I think the issue with Gliclazide is that it is a Type 2 medication. It encourages or pushes the pancreas to produce more insulin. If it is unable to do that because it is damaged by disease or surgery or trauma, then the medication will not be effective or may put the failing pancreas under sufficient pressure that it fails quicker. Your nurse or GP has likely prescribed this medication because you are considered by them to be Type 2 and they probably have little or no understanding or Type 1 or Type 3c diabetes.
I was started on Gliclazide when I was first diagnosed and assumed Type 2 and it had no appreciable effect on me although lowering my carb intake like you are doing, did work initially as I didn't need my pancreas to release significant amounts of insulin to deal with carbs in my food and it was still able to trickle out enough to cover my basal needs ie. the steady trickle of glucose from my liver, for a while. You are already using basal insulin cover this function, so it may be that your remaining healthy beta cells are having a bit of a breather, particularly now you are eating lower carb, so they may be able to respond to the Gliclazide short term, but in the longer term almost certainly not and you will most likely eventually need a fast acting insulin for your meals, even if you are able to eat very low carb long term. Most likely if the Glic has any effect, it will put more strain on your remaining beta cells and they will fail more quickly and you will see your levels start to rise again. You have a means to monitor your levels very closely with the Libre and you are already on basal insulin so this reduces the possibility of you having a DKA (Diabetic KetoAcidosis) event so I think the only issue with Glic is that it will likely bring about the demise of your remaining beta cells more quickly. This can be a good thing and a bad thing in my opinion. The good thing is that you need a fast acting insulin sooner rather than later and be able to eat more normally rather than low carb but of course it is more injections and you have to learn how to carb count and adjust those doses for the food you eat and the timing of those in injections, which is doable but it is more complicated until you get used to it.... much like learning to drive a car from scratch.... gradually you do things on autopilot but initially you have to think about every single little task and what order to do them in.
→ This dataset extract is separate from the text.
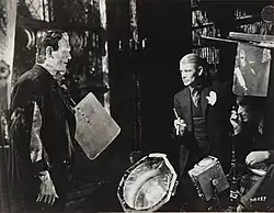 Colin Clive and Boris Karloff reprised their roles from Frankenstein as creator and creation, respectively. Hobson recalled Clive's alcoholism had worsened since filming the original, but Whale did not recast the role because his "hysterical quality" was necessary for the film.[15] Karloff strongly objected to the decision to allow the Monster to speak: "Speech! Stupid! My argument was that if the monster had any impact or charm, it was because he was inarticulate – this great, lumbering, inarticulate creature. The moment he spoke you might as well ... play it straight".[18] This decision also meant that Karloff could not remove his dental plate, so now his cheeks did not have the sunken look of the original film.[8] Whale and the studio psychiatrist selected 44 simple words for the Monster's vocabulary by looking at test papers of ten-year-olds working at the studio.[5] Dwight Frye returned to play the doctor's assistant, Karl, having played the hunchback Fritz in the original. Frye also filmed a scene as an unnamed villager and the role of "Nephew Glutz", a man who murdered his uncle and blamed the death on the Monster.[8] Boris Karloff is credited simply as KARLOFF, which was Universal's custom during the height of his career.[19] Elsa Lanchester is credited for Mary Wollstonecraft Shelley, but in a nod to the earlier film, the Monster's bride is credited only as "?" just as Boris Karloff had been in the opening credits of Frankenstein.

I don't necessarily see the Gliclazide as a risk because you have CGM to monitor your levels in the unlikely event that your beta cells do manage to throw out enough insulin to cause a potential hypo, so as long as you are prepared for that risk you should be fine and if it does work a bit then you would be able to eat a few more carbs at least short term. I think the damage to your pancreas is almost certainly progressive from the point of view of its ability to perform these functions so you will most likely need both insulins eventually so I am not sure there is anything much to lose by giving it a go, particularly if you don't want to continue whittling your carbs down to a very low level with all your meals, but my gut feeling is that it is a short term stop gap treatment that may not be effective at all or may work a little bit for a period of time.....

Just my thoughts having used Gliclazide myself in a similar situation in that my insulin production was failing.... albeit that, unlike you, I didn't have any injected insulin when I was taking it, so my remaining beta cells were already at max capacity trying to cope with liver output and an increasingly very low carb diet.
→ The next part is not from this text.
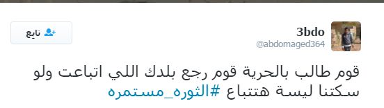 abdomaged: “قوم طالب بالحرية قوم رجع بلدك اللي اتباعت ولو سكتنا ليسة هتتباع”.
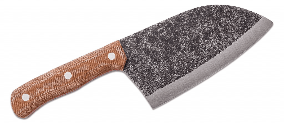 Goran Mihajlovic is a Serbian-born adventurer and knifemaker, who has lived in the Amazon Jungle for over two decades. He regularly uses a Serbian Kuvar Cleaver that he made himself, and with the experience that comes with daily use in the rainforest, designed his own based on traditional knife techniques and style. The thin 0.1” thick 1075 blade works both vegetable and meat well, and it comes with a high-quality leather sheath for storage and transportation.

So I have some interviews for driving jobs next week. What do you suggest I should say to the prospective employers?
I am referring to possible risks of hypos as a result of taking gliclazide.
 
I took gliclazide for two decades until this Jan.when a diabetic nurse from the hospital thought it might be causing me hypos. that for the first time were being proven with new used Libre 2 sensors. They were only occasional and early morning in bed. Can’t say I have noticed any obvious difference, but then at the same time I was changed from Humulin to Fiasp and Toujeo and left on metformin. You know about the ‘five to drive’ safety warning that your BG should be at 5 before you should drive I presume, you could set your Libre 2 sensor to go off say at 5.2 on driving work days to catch any potential hypos. and feed appropriately. You must have told the DVL office anyway.
 
So I have some interviews for driving jobs next week. What do you suggest I should say to the prospective employers?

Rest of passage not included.